3.4.4 The Index File

Storage machines use an important optimization on restart - index files. While it is theoretically possible for a machine to rebuild its in-memory mapping by reading all of its physical volumes, doing so is time-consuming because all data volumes (TB) must be read from disk. Index files allow storage machines to build their memory maps quickly, reducing restart times.

Storage machines maintain an index file for each of their volumes. An index file is a checkpoint of an in-memory data structure used to efficiently locate needles on disk. The layout of an index file is similar to that of a volume file, consisting of a superblock followed by a series of index records corresponding to each pointer in the superblock. These records must appear in the same order as the corresponding needles appear in the volume file. Figure 6 illustrates the layout of the index file, and Table 2 illustrates the different fields in each record.

Starting over with an index is a little more complicated than just reading the index and initializing the in-memory mapping. This complication arises because index files are updated asynchronously, which means that index files may represent stale checkpoints. When we write a new photo, the store machine "synchronously" appends a pointer to the end of the volume file and "asynchronously" appends a record to the index file. When we delete a photo, the Store machine will set the flag in the photo's pointer synchronously without updating the index file. These design decisions enable write and delete operations to return faster because they avoid additional synchronous disk writes. They also created two side effects that we had to address: needles could exist without corresponding index records, and index records would not reflect deleted photos.

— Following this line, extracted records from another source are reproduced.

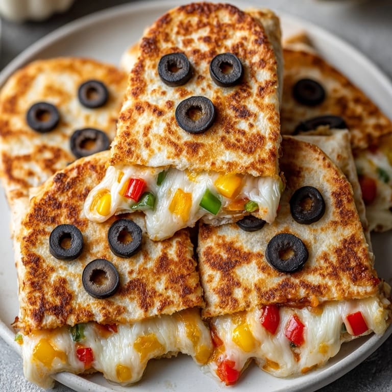 - Carefully press black olive slices into the upper tortilla for eyes and small pieces for the mouth Get creative the ghostly faces make each quesadilla unique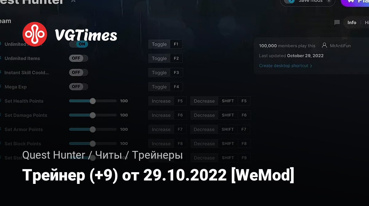 Трейнер (+9) от 29.10.2022 [WeMod]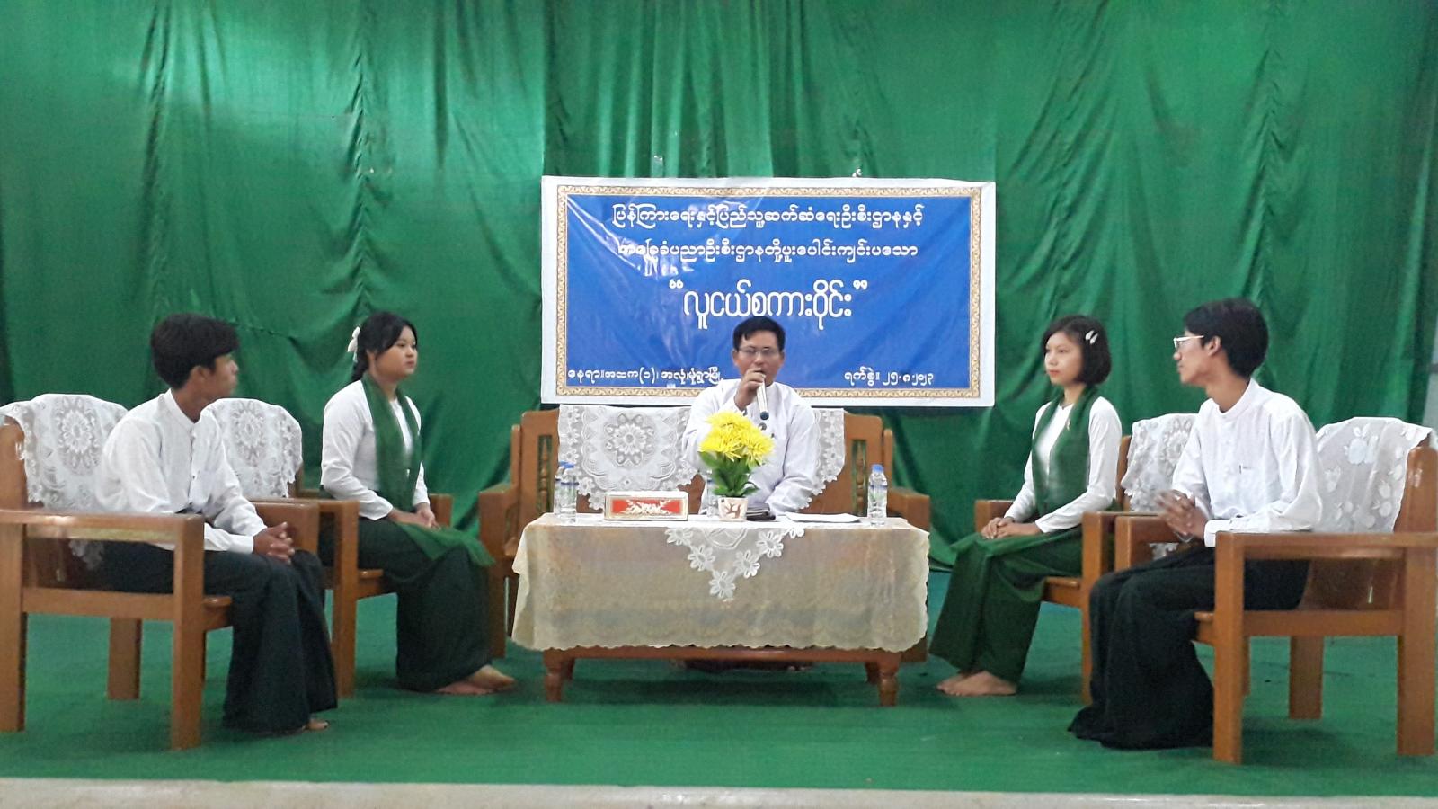 ဆက်လက်ပြီး လူငယ်စကားဝိုင်း ဆွေးနွေးပွဲတွင် မုံရွာခရိုင် ပြန်ကြားရေးနှင့်ပြည်သူ့ဆက်ဆံရေး ဦးစီးဌာန၊ လက်ထောက်ညွှန်ကြားရေးမှူး ဦးမြင့်နိုင်စိုး Moderator အဖြစ် ဆောင်ရွက်ပြီး အမှတ်(၁) အခြေခံပညာ အထက်တန်းကျောင်း(အလုံ)မှ ကျောင်းသား/ ကျောင်းသူ ၄ ဦးတို့က လူငယ်နှင့်စာပေ၊ လူငယ်နှင့်မူးယစ်ဆေး၊ လူငယ်နှင့်အားကစား၊ လူငယ်နှင့်စာရိတ္တ စသည့်ခေါင်းစဉ်များဖြင့် အသီးသီးဆွေးနွေးခဲ့ကြရာ တက်ရောက်လာကြသည့် ကျောင်းသား၊ ကျောင်းသူများက စကားဝိုင်းအတွင်း အပြန်အလှန် မေးမြန်းဆွေးနွေးခဲ့ကြကြောင်း သိရသည်။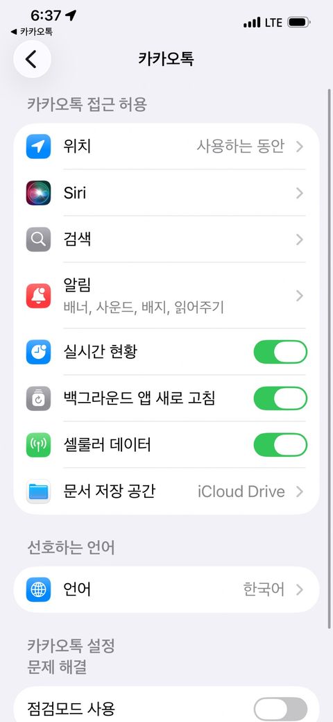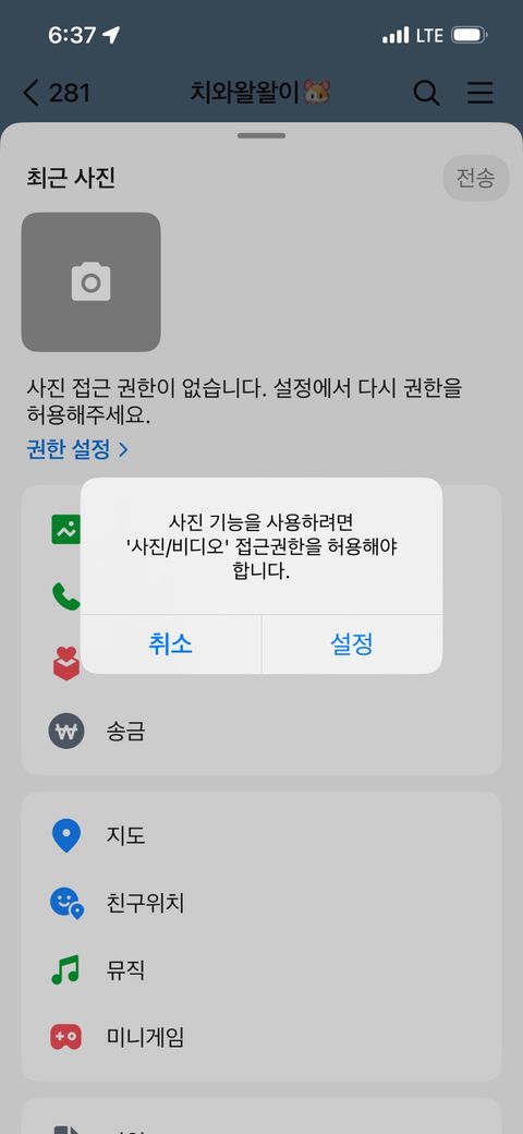 재설정 후 카카오톡을 다시 실행하여 사진을 보내려고 하면 사진에 접근하려고 합니다라는 팝업이 다시 뜹니다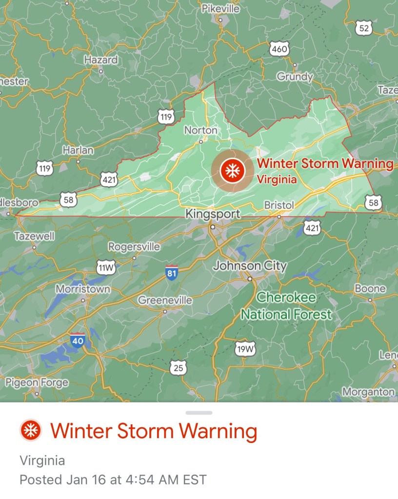 And sure enough, when we awoke the next morning, the weather on the interstate we would need to travel between Tennessee and Virginia was so dire – with heavy snowfall accumulation, jackknifed big rigs causing motor vehicle accidents in their wake, and Virginia state troopers taking to social media to ask the public to stay off the roads unless they had an emergency need to travel, that V got on the phone. A few moments later, our hotel reservation in Virginia was postponed by a day, our hotel stay in Knoxville was extended another night, and we stretched our toes in the warm sheets and watched The Weather Channel talk about Winter Storm Izzy’s 50 mph winds like good southerners. V texted his daughter in North Carolina about having extra batteries on hand as she posted pictures on Instagram walking with her boyfriend in the snow. For travelers the weather was an inconvenience, but for those comfortably ensconced at home and with their electricity still on, a snow day was a treat!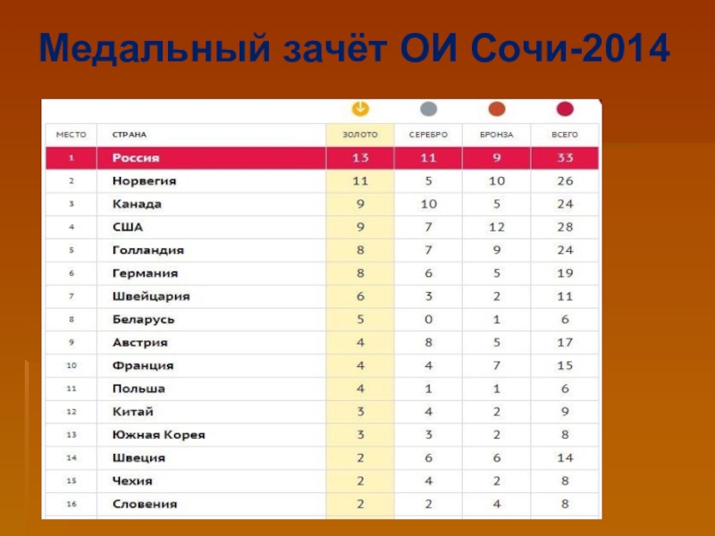 Слайд 26Медальный зачёт паралимпийских игр Сочи-2014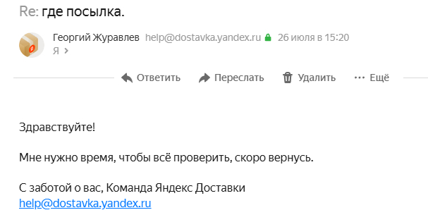 Казалось бы круто, так быстро приедет. Только скрины сделаны 25.07. В чате тех поддержка отвечает спустя сутки, и в формате "приняли ваше обращение". Большего через чат добиться не удалось. Обращение в поддержку через почту чуть лучше, но тоже не далеко уехало: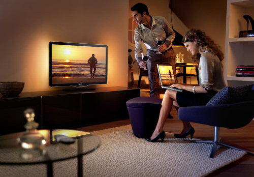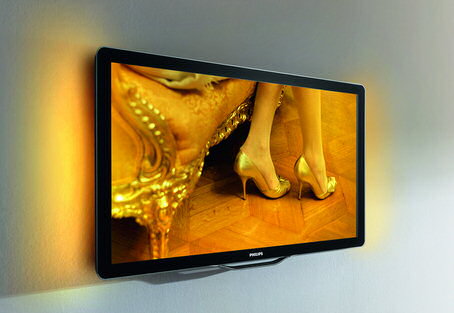 Det er Ambilight TV, af typen Ambilight Spectra 2. Ambilight er lyset udenom TV’et, der forstærker stemningen fra billederne på skærmen. Denne nye type Ambilight afkoder også væggenes farver, så de optimale farver gengives også selvom væggen ikke er hvid.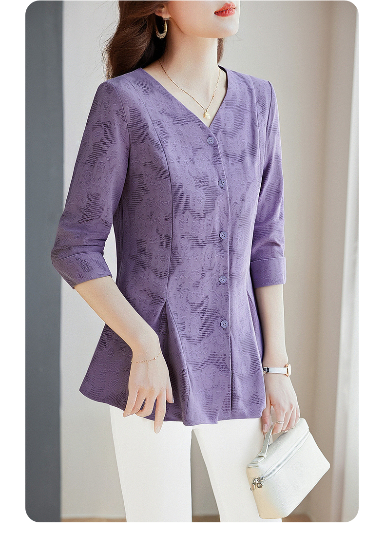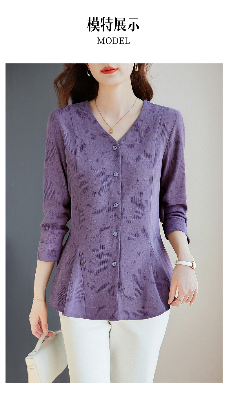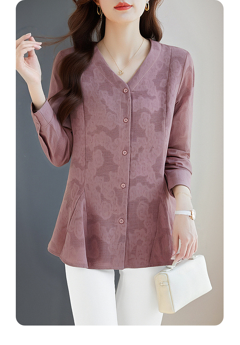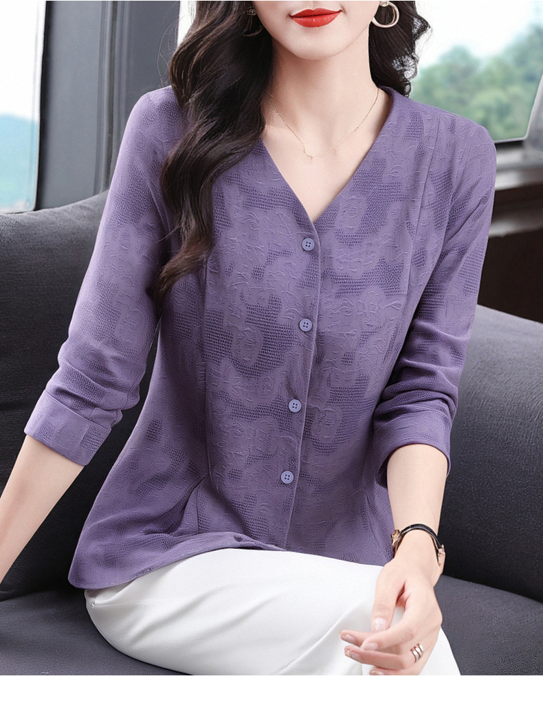 春秋上衣2026新款大码女装妈妈洋气衬衣外套紫色长袖女士衬衫高级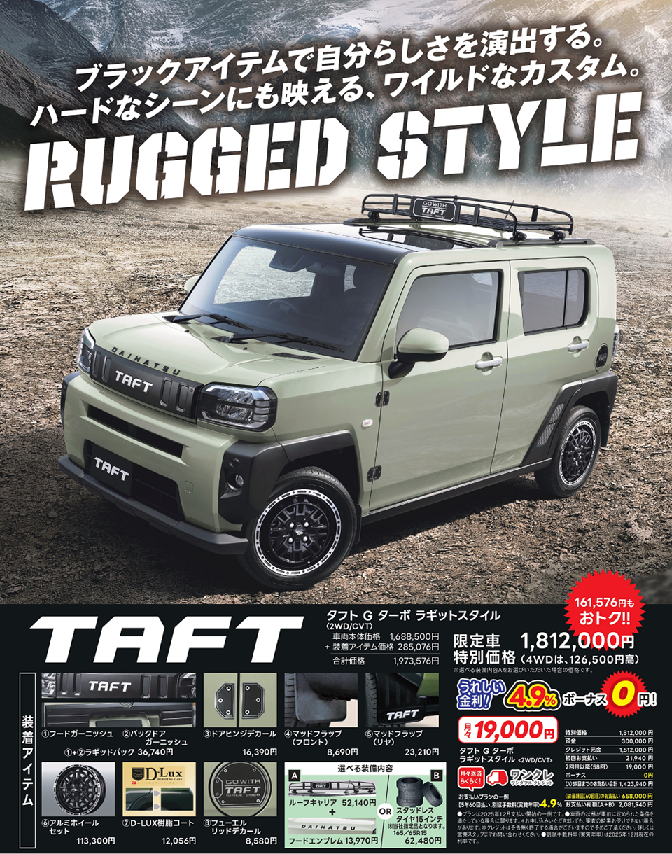 ■既にご成約済みの車両にさかのぼって適用することはできません。 ■このキャンペーンは予告なく終了することがございます。予めご了承ください。 ■他のキャンペーンと併せて適用できない場合がございます。 ■詳しくはスタッフへお問い合わせください。 ※表示価格はすべて税込価格です。

We refer to needles that do not have corresponding index records as orphans. During a restart, the storage machine checks each orphan in order, creates a matching index record, and appends the record to the index file. Note that we can "quickly identify" orphans because the last record in the index file corresponds to the last non-orphan pointer in the volume file. To complete the restart, the store machine now only uses the index file to initialize its memory map.

Since index records do not reflect deleted photos, storage machines can retrieve photos that have actually been deleted. To get around this, after the Store machine has read the entire stitch of a photo, the machine can check for a flag of deletion. If the pointer is marked as deleted, the storage machine updates its in-memory map accordingly and notifies the cache that the object was not found.

3.4.5 Filesystem

We describe HayStack as object storage using a common Unix-like filesystem, but some filesystems are better suited for HayStack than others. In particular, the storage machine should use a file system that does not require much memory to be able to quickly perform random seeks in large files. Currently, every storage machine uses XFS, which is a zone-based file system. For HayStack, XFS has two main advantages.

  • First, the blockmaps of several contiguous large files can be small enough to be stored in main memory.
  • Second, XFS provides efficient file preallocation, reducing fragmentation and controlling the size of block maps.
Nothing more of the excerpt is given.